Drilling Rigs Aren’t Responding to Higher Prices
Despite the spike in oil prices, active drilling rigs in North Dakota remain in the mid-20s — far below what historical patterns would predict at this price level. Orlich pointed to a timing problem as one key reason: most major oil companies had already finalized and publicly released their 2025 drilling budgets in February, just weeks before the Middle East conflict began disrupting supply. Changing those budgets mid-year is not a simple pivot, particularly for publicly traded companies accountable to shareholders. State regulators don’t expect significant budget revisions until 2027 at the earliest.
There’s also the matter of uncertainty. Much of the current price increase reflects a geopolitical risk premium — meaning if the conflict resolves or the situation changes, prices could fall quickly. Drilling a well is a capital-intensive, long-term investment, and companies are reluctant to commit millions of dollars based on a price spike that may not last.
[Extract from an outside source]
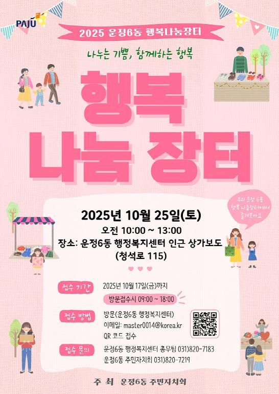 김찬주 운정6동 주민자치회장은 “행복나눔장터는 주민 모두가 즐기며 나누는 소통의 시간”이라며 “많은 주민들이 함께 참여해 지역사회의 따뜻한 나눔 문화를 만들어 가길 바란다”라고 전했다.

A More Disciplined Industry
North Dakota Department of Mineral Resources Director Nathan Anderson has described a broader shift in how oil companies approach the Bakken: they’ve become more disciplined with capital. Rather than chasing every price increase with a surge in drilling activity, many of the largest operators — now predominantly large, publicly traded companies following consolidation and mergers over the past several years — are focused on using existing production as a cash generator rather than treating the Bakken as a growth play.
North Dakota has been producing roughly 1.1 million barrels of oil per day for over a year, and that level is expected to hold steady. Orlich suggested this stabilization, while imperfect, represents a departure from the boom-and-bust cycles the state has historically experienced.
Privately owned companies, which have more flexibility than their publicly traded counterparts, may eventually increase drilling if high prices appear durable — but that remains an open question.
Restarting Idle Wells Instead of Drilling New Ones
Rather than drilling new wells, operators are taking a more cost-effective route: reactivating wells that were shut in during the recent period of historically low oil prices. The number of workover rigs — equipment used to restart and maintain inactive wells — rose from 110 to 125, a 13% increase. This allows producers to capitalize on higher prices without the multi-million-dollar expense of drilling from scratch.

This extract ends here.